PROF. DR. SERDAR BULUN: 60 MİLYON DOLARIN ÜZERİNDE ARAŞTIRMA FONU ALDIM
KİMYA dalında Nobel Ödülü’nü kazanan Prof. Dr. Aziz Sancar’dan sonra 2 bilim insanı daha Türkiye’nin gururu oldu. ABD’nin Chicago kentinde Nortwestern Üniversitesi Hastanesi Kadın Doğum Bölümü Anabilim Başkanı Prof. Dr. Serdar Bulun, tıp alanında ABD’nin en saygın kurumlarından biri olan ‘Ulusal Tıp Akademisi’ (NAM) üyeliğine seçildi. Malatya’da doğup büyüyen Bulun, dünyada 200 milyon kadının mustarip olduğu ve kısırlığa neden olan endometriosis hastalığının tedavisi üzerine ilaç çalışmaları yapıyor. Bulun, başarıya uzanan uzun ve zorlu süreci anlatıp gençlere önerilerini sıraladı...
- Malatya’dan Amerika’ya giden uzun bir yol. Adım adım mı gittiniz?
Küçük adımlarla ilerledim. Küçüklükten beri bilimsel konuları araştırmaya hevesliydim. Malatya’da doğdum. Babam Malatya Devlet Hastanesi’nde hekim, annem ev hanımıydı. İkisi de beni cesaretlendirirlerdi. Ay’a gidildiği zaman veya ilk kalp nakli yapıldığında bu konuları evde ciddi bir biçimde uzun uzun konuştuğumuzu hatırlıyorum. Evde bilimi içtenlikle destekleyen bir heyecan vardı. Lise için 14 yaşımda Robert Kolej’e İstanbul’a gittim. Babam da emekli olunca ailece taşındık.
- En büyük kültür şokunu Malatya’dan koleje geçince yaşamısınız. Amerika’dan daha fazla hatta.
Kesin öyle. 70’lerin basında İstanbul ve Malatya çok farklı ortamlardı. Örneğin Malatya’da televizyon yoktu. Robert Kolej’de yatılı okuyordum.

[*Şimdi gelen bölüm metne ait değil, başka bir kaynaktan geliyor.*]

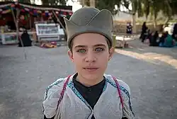 ![]() ![]() Piața tradițională Qashqai (sus) Băiat Qashqai purtând o pălărie tradițională (jos) | |

Okulda çokça Amerikalı öğretmen vardı. Bir de tam bu sırada ergenlik çağından geçiyordum. İstanbul o sırada enerji dolu ve yorucu bir şehirdi benim için. İstanbul’daki çocuklar okula gidip geliyor, günde 4-5 saat yolda zaman geçiriyor, ödevlerini yapıyor, üzerine spor yapıyor ve bir de aktif sosyal yaşamlarını sürdürüyorlardı. Karşılaştırıldığında, o zamanlar Malatya’da çok daha yalın bir hayat vardı.
- Gelelim Amerika’ya gitmeye karar verdiğiniz döneme? Kararınızda ne etkili oldu?
Tıpta çok geniş araştırma olanaklarını bilim adamlarına mümkün olduğunca eşit ve adil bir biçimde sunduğu için Amerika’ya gittim. Bu ortamda başarılı ve mutlu olduğumun farkına varıp temelli olarak bu ülkede kalmaya karar verdim.
- Peki Amerika’daki kariyeriniz?
Dünyanın çeşitli ülkelerinde ve özellikle Batı’da, hekim-bilim insani olarak işlev gören bir doktor grubu var. Ben de Amerika’daki kariyerime bir hekim-bilim insanı olarak başlamayı tercih ettim. İstanbul Üniversitesi Tıp Fakültesi’nden 1983’te mezun olduktan sonra Antalya’nın Gazipaşa İlçesi Çobanlar Köyü’nde 2 yıl mecburi hizmet yaptım. Amerika’da önce kadın doğum ihtisası, arkasından üreme tıbbı ve kısırlık ihtisası yapıp Teksas Üniversitesi Southwestern Dallas Tıp Fakültesi’nde 7 yıl öğretim üyesi olarak çalıştım. 1999’da Chicago-Illinois Üniversitesi Hastanesi’nde 4 yıl üreme tıbbi servis şefliği yaptım. Nortwestern Üniversitesi’ne transfer oldum.
MAYMUN KARNINDA ÇALIŞTI
- Tıptaki buluşunuz neydi?
Son 25 senedir yumurtalık hormonlarının çeşitli kadın hastalıkları ve genel kadın sağlığı üzerindeki etkileri konusunda çok tutarlı araştırmalar yaptım. Sadece kendi laboratuvarımda yapılan araştırmaları yürütebilmek için 1993’ten beri 60 milyon doların üzerinde araştırma fonu aldım. Üzerinde durduğum konulardan biri ağrılı adet kanamalarının, süregen pelvik ağrının ve de kısırlığın en önemli nedenlerinden biri olan endometriosis.
- Nasıl bir hastalık bu?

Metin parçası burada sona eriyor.